─── DATA FOR REVIEW ───
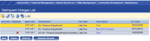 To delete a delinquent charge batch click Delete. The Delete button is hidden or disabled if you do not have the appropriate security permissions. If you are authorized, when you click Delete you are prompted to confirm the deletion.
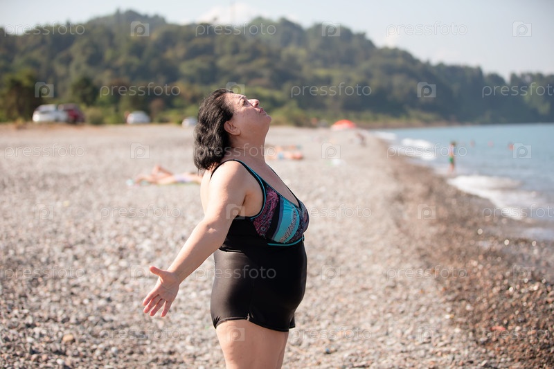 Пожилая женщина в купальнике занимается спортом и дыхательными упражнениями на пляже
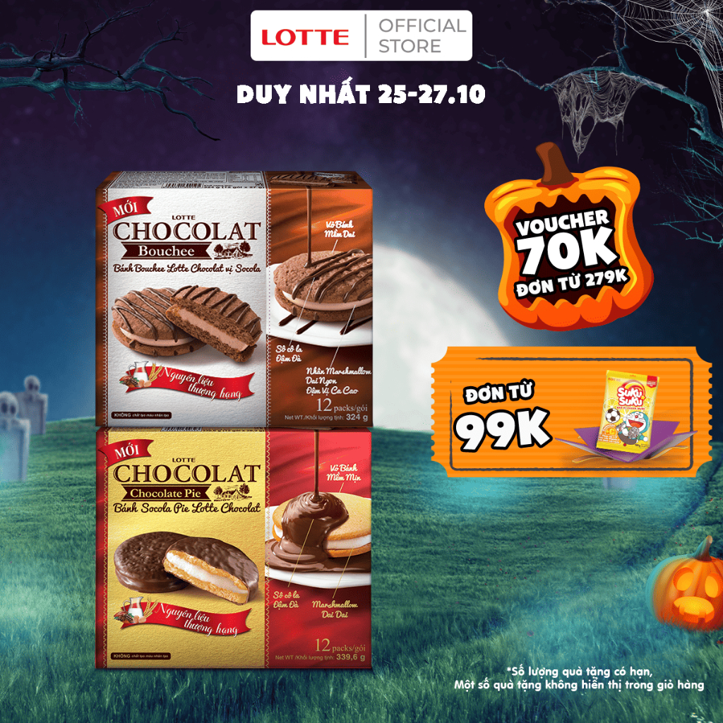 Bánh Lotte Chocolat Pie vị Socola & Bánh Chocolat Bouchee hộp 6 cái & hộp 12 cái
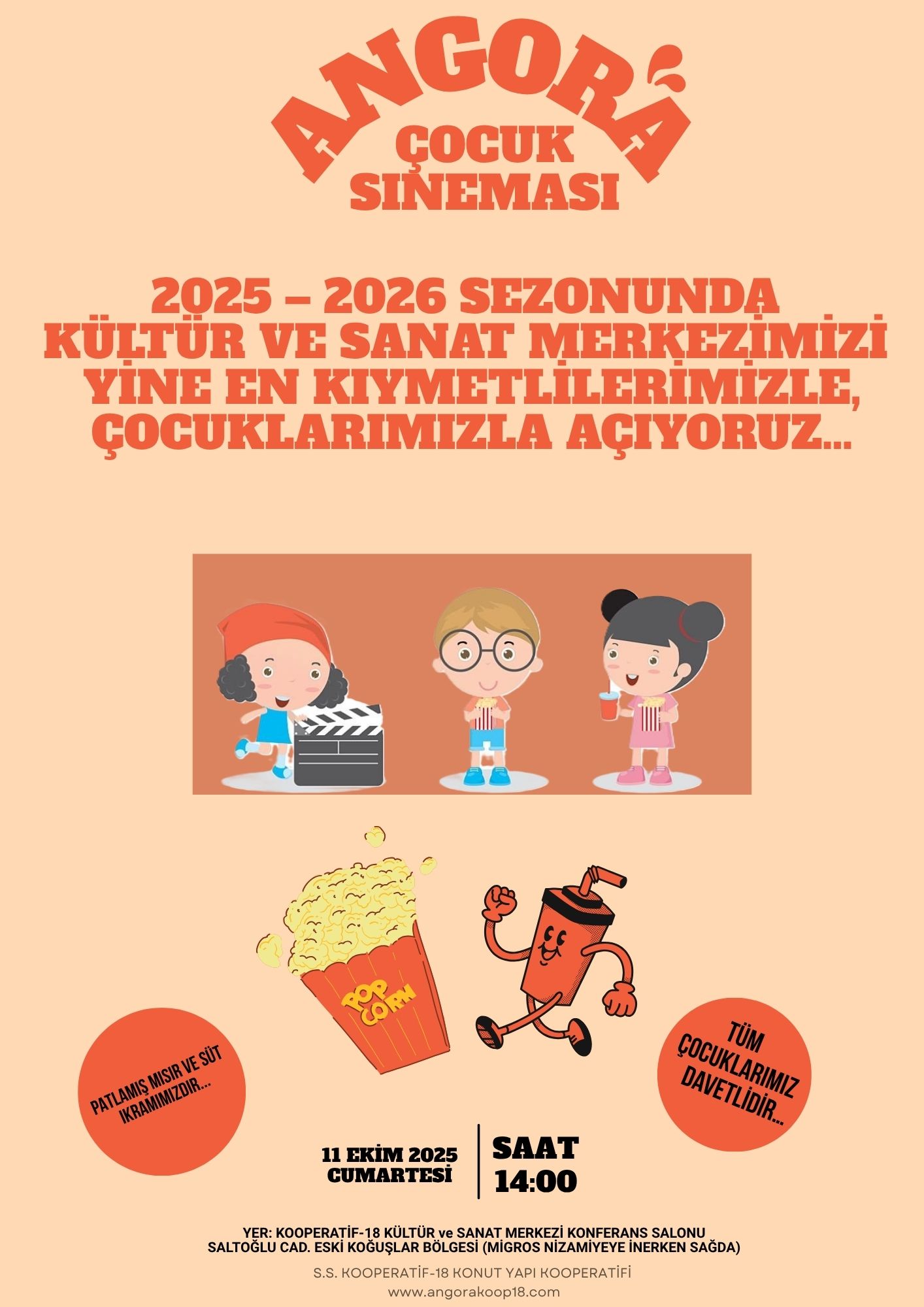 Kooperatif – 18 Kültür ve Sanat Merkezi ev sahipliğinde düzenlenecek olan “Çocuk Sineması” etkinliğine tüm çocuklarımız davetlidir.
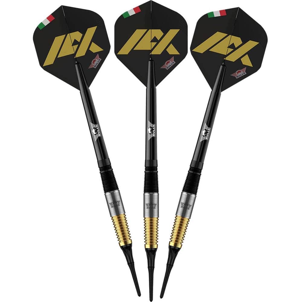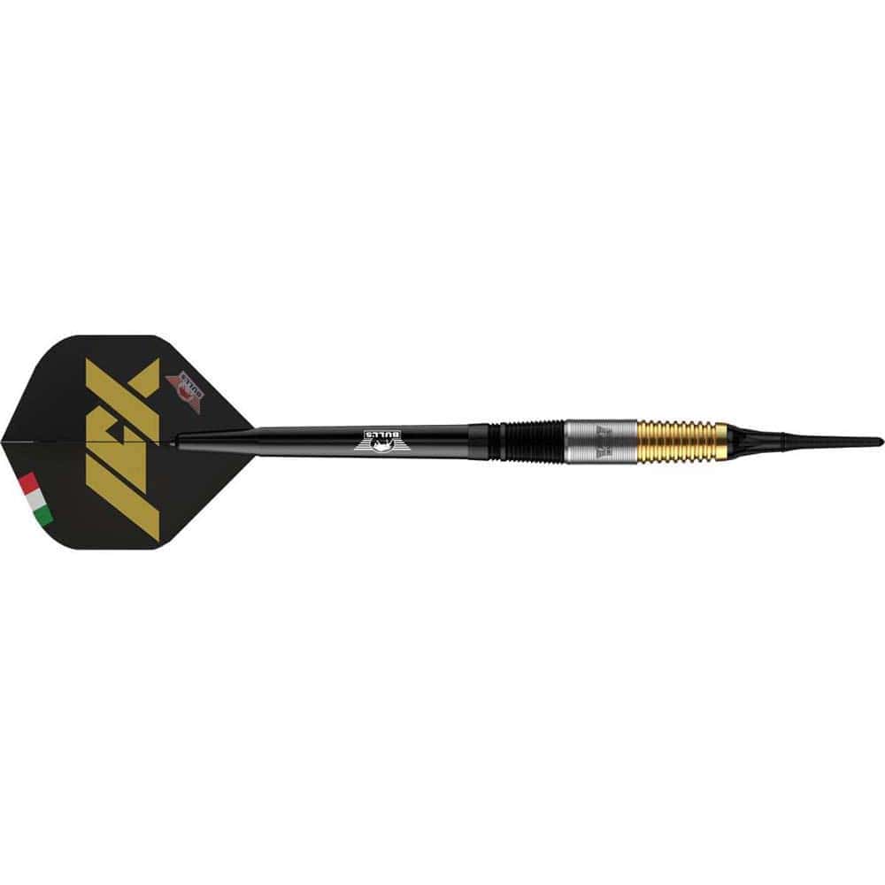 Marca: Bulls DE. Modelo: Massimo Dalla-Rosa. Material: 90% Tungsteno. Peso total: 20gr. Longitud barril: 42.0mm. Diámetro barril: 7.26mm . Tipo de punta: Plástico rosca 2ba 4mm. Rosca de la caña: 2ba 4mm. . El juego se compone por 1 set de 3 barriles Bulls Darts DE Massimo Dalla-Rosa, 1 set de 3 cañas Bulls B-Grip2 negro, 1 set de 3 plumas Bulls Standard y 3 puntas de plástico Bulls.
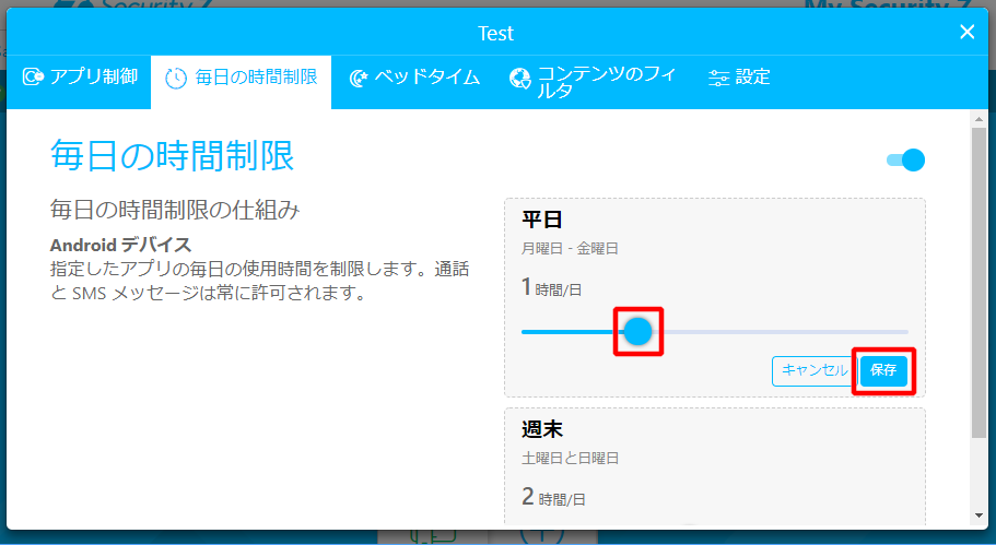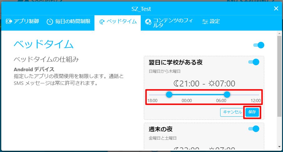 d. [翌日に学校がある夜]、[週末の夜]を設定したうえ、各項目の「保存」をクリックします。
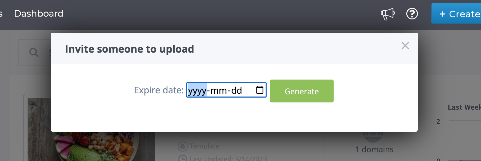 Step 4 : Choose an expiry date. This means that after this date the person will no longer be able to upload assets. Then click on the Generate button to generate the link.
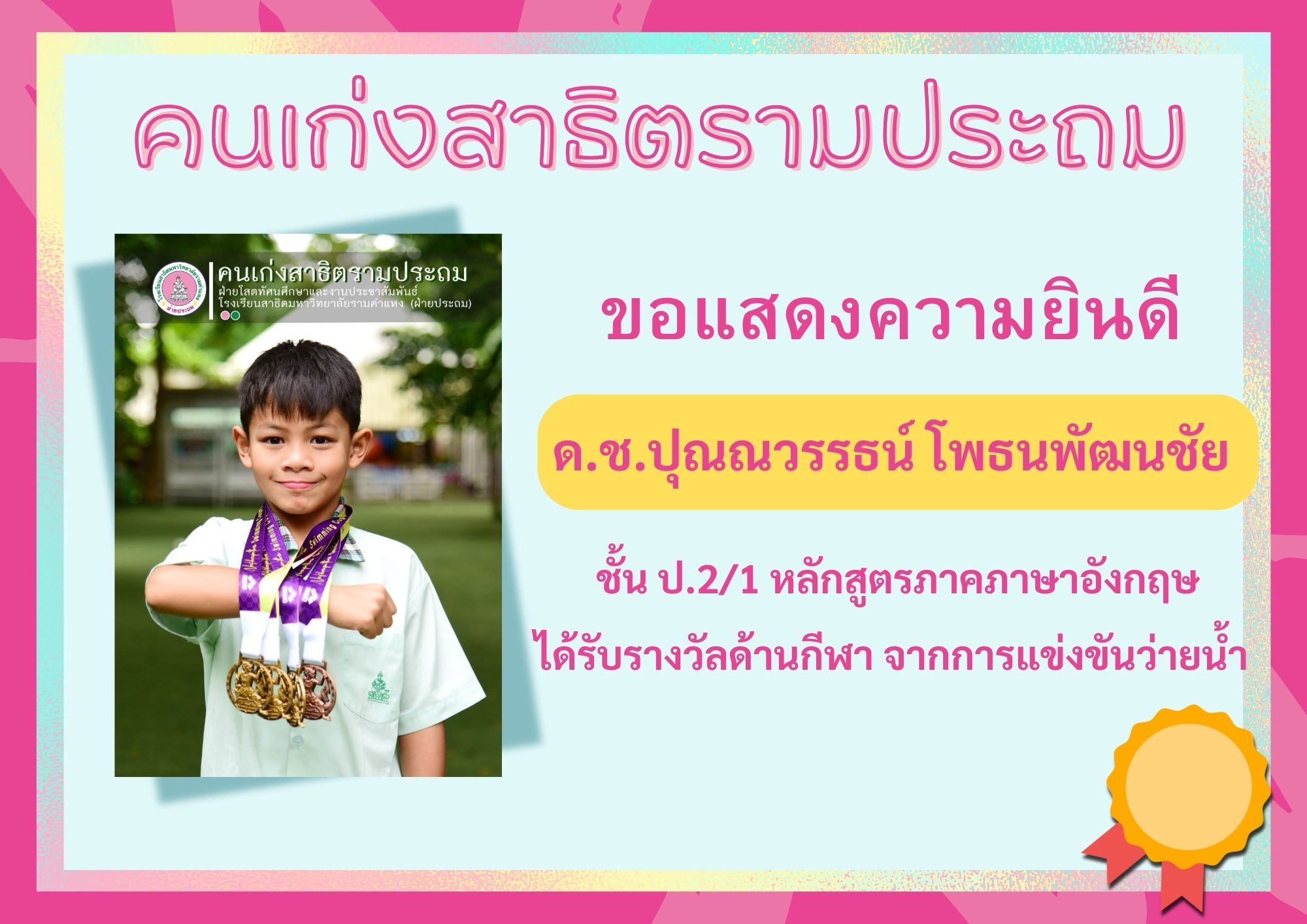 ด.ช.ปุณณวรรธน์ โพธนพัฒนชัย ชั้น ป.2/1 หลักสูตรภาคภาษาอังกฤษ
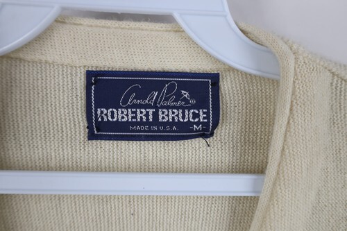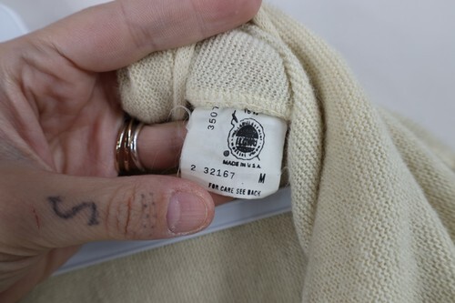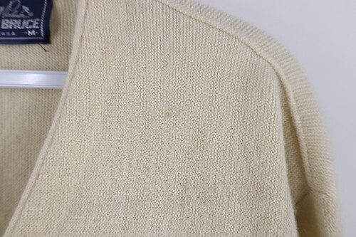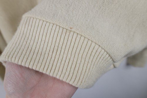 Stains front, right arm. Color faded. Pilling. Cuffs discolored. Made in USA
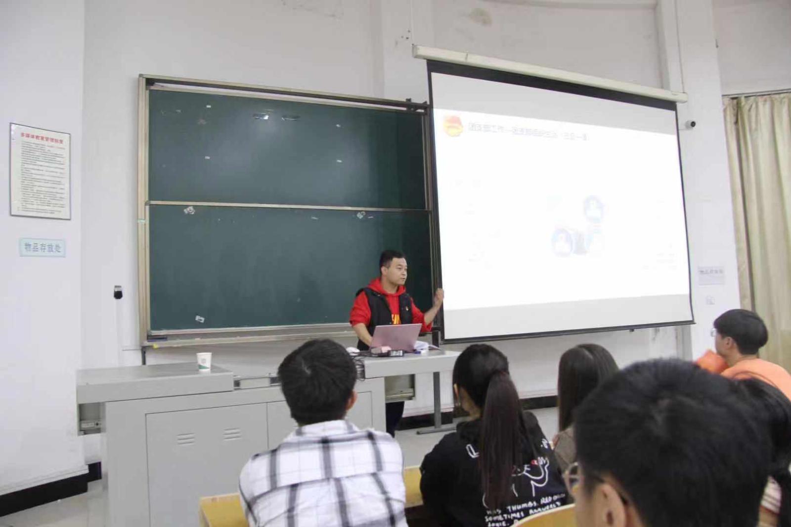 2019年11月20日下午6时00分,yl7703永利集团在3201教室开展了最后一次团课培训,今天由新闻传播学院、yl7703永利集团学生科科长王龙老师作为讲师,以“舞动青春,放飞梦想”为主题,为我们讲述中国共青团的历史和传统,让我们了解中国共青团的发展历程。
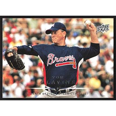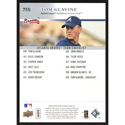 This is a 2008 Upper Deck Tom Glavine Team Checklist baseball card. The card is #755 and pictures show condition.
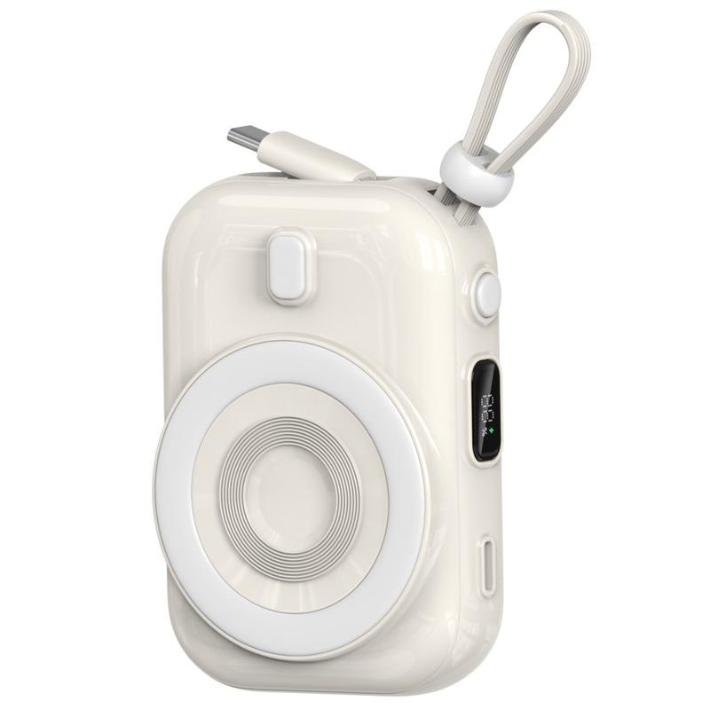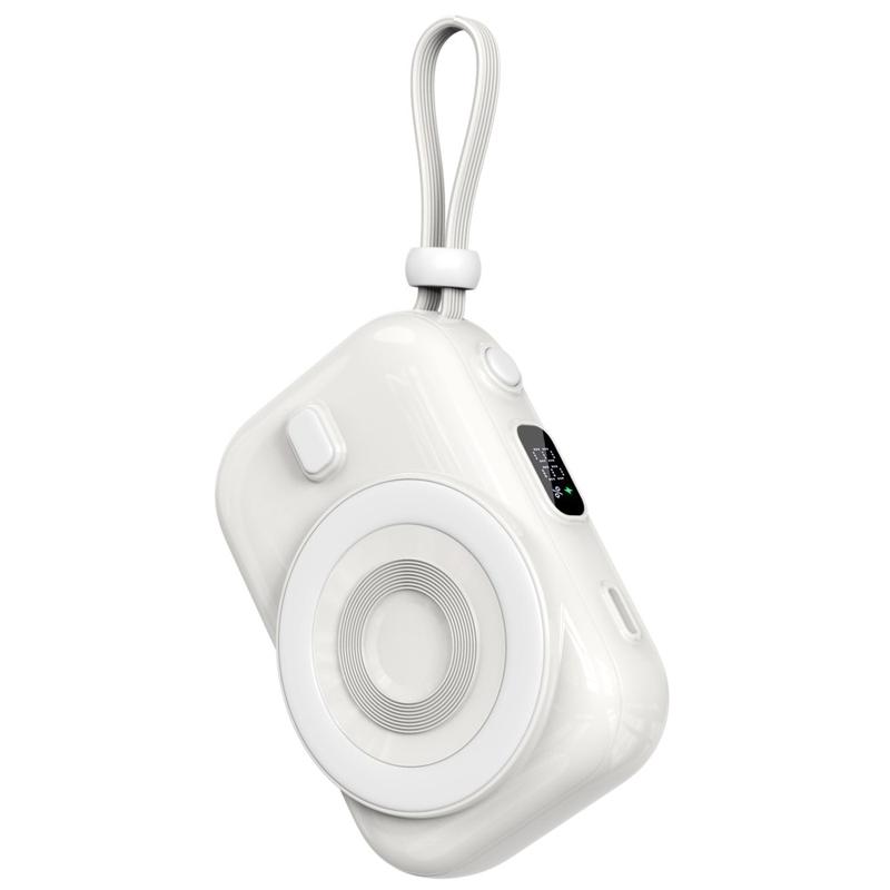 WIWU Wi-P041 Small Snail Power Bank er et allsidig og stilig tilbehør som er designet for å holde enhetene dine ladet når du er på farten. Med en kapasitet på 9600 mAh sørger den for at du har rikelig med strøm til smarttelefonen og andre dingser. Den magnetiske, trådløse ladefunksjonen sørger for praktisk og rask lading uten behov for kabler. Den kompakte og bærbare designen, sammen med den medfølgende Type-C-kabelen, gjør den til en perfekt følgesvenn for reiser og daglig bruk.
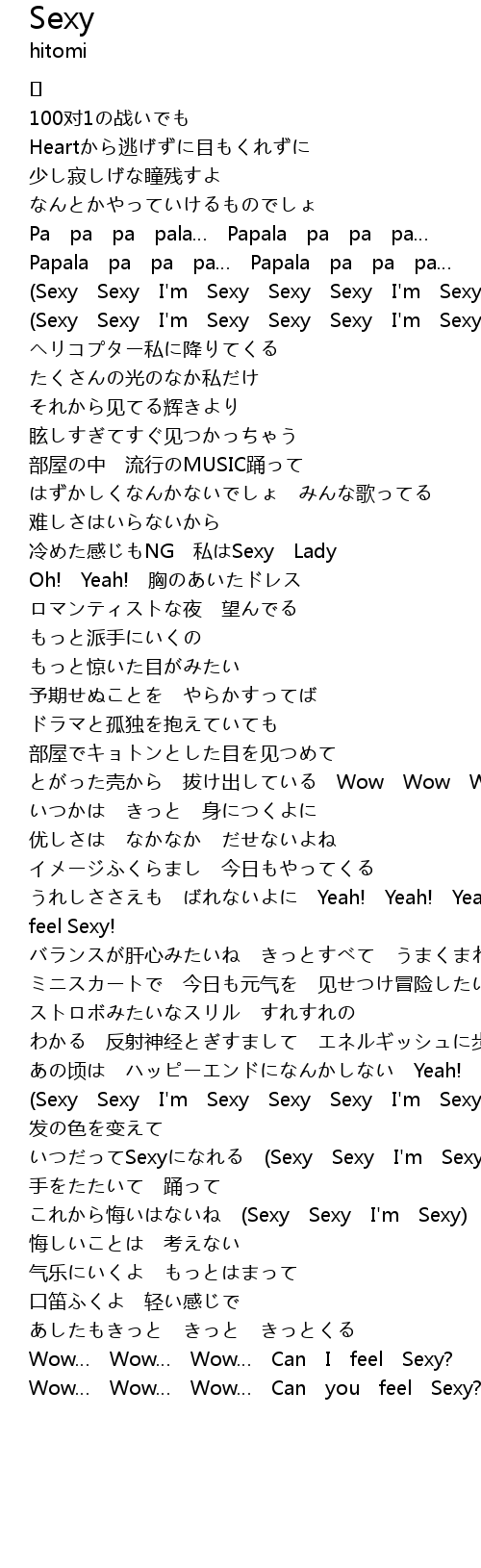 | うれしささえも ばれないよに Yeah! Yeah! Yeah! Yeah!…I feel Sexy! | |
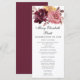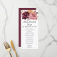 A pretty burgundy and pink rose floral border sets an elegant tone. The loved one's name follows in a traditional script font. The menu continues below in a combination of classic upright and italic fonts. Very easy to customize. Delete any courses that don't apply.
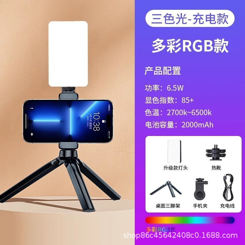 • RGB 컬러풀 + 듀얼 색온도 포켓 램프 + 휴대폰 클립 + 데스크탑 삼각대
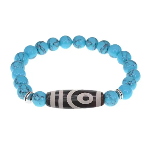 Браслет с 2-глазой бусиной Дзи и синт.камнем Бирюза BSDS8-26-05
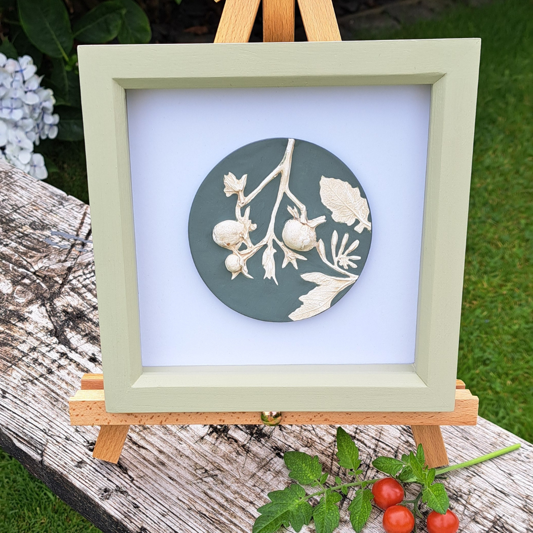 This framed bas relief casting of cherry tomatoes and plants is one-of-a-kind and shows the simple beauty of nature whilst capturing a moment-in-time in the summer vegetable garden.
───
■ TASK
Please print the entries above exactly. Skip every picture.

■ REPLY
 To delete a delinquent charge batch click Delete. The Delete button is hidden or disabled if you do not have the appropriate security permissions. If you are authorized, when you click Delete you are prompted to confirm the deletion.
 Пожилая женщина в купальнике занимается спортом и дыхательными упражнениями на пляже
 Bánh Lotte Chocolat Pie vị Socola & Bánh Chocolat Bouchee hộp 6 cái & hộp 12 cái
 Kooperatif – 18 Kültür ve Sanat Merkezi ev sahipliğinde düzenlenecek olan “Çocuk Sineması” etkinliğine tüm çocuklarımız davetlidir.
 Marca: Bulls DE. Modelo: Massimo Dalla-Rosa. Material: 90% Tungsteno. Peso total: 20gr. Longitud barril: 42.0mm. Diámetro barril: 7.26mm . Tipo de punta: Plástico rosca 2ba 4mm. Rosca de la caña: 2ba 4mm. . El juego se compone por 1 set de 3 barriles Bulls Darts DE Massimo Dalla-Rosa, 1 set de 3 cañas Bulls B-Grip2 negro, 1 set de 3 plumas Bulls Standard y 3 puntas de plástico Bulls.
 d. [翌日に学校がある夜]、[週末の夜]を設定したうえ、各項目の「保存」をクリックします。
 Step 4 : Choose an expiry date. This means that after this date the person will no longer be able to upload assets. Then click on the Generate button to generate the link.
 ด.ช.ปุณณวรรธน์ โพธนพัฒนชัย ชั้น ป.2/1 หลักสูตรภาคภาษาอังกฤษ
 Stains front, right arm. Color faded. Pilling. Cuffs discolored. Made in USA
 2019年11月20日下午6时00分,yl7703永利集团在3201教室开展了最后一次团课培训,今天由新闻传播学院、yl7703永利集团学生科科长王龙老师作为讲师,以“舞动青春,放飞梦想”为主题,为我们讲述中国共青团的历史和传统,让我们了解中国共青团的发展历程。
 This is a 2008 Upper Deck Tom Glavine Team Checklist baseball card. The card is #755 and pictures show condition.
 WIWU Wi-P041 Small Snail Power Bank er et allsidig og stilig tilbehør som er designet for å holde enhetene dine ladet når du er på farten. Med en kapasitet på 9600 mAh sørger den for at du har rikelig med strøm til smarttelefonen og andre dingser. Den magnetiske, trådløse ladefunksjonen sørger for praktisk og rask lading uten behov for kabler. Den kompakte og bærbare designen, sammen med den medfølgende Type-C-kabelen, gjør den til en perfekt følgesvenn for reiser og daglig bruk.
 | うれしささえも ばれないよに Yeah! Yeah! Yeah! Yeah!…I feel Sexy! | |
 A pretty burgundy and pink rose floral border sets an elegant tone. The loved one's name follows in a traditional script font. The menu continues below in a combination of classic upright and italic fonts. Very easy to customize. Delete any courses that don't apply.
 • RGB 컬러풀 + 듀얼 색온도 포켓 램프 + 휴대폰 클립 + 데스크탑 삼각대
 Браслет с 2-глазой бусиной Дзи и синт.камнем Бирюза BSDS8-26-05
 This framed bas relief casting of cherry tomatoes and plants is one-of-a-kind and shows the simple beauty of nature whilst capturing a moment-in-time in the summer vegetable garden.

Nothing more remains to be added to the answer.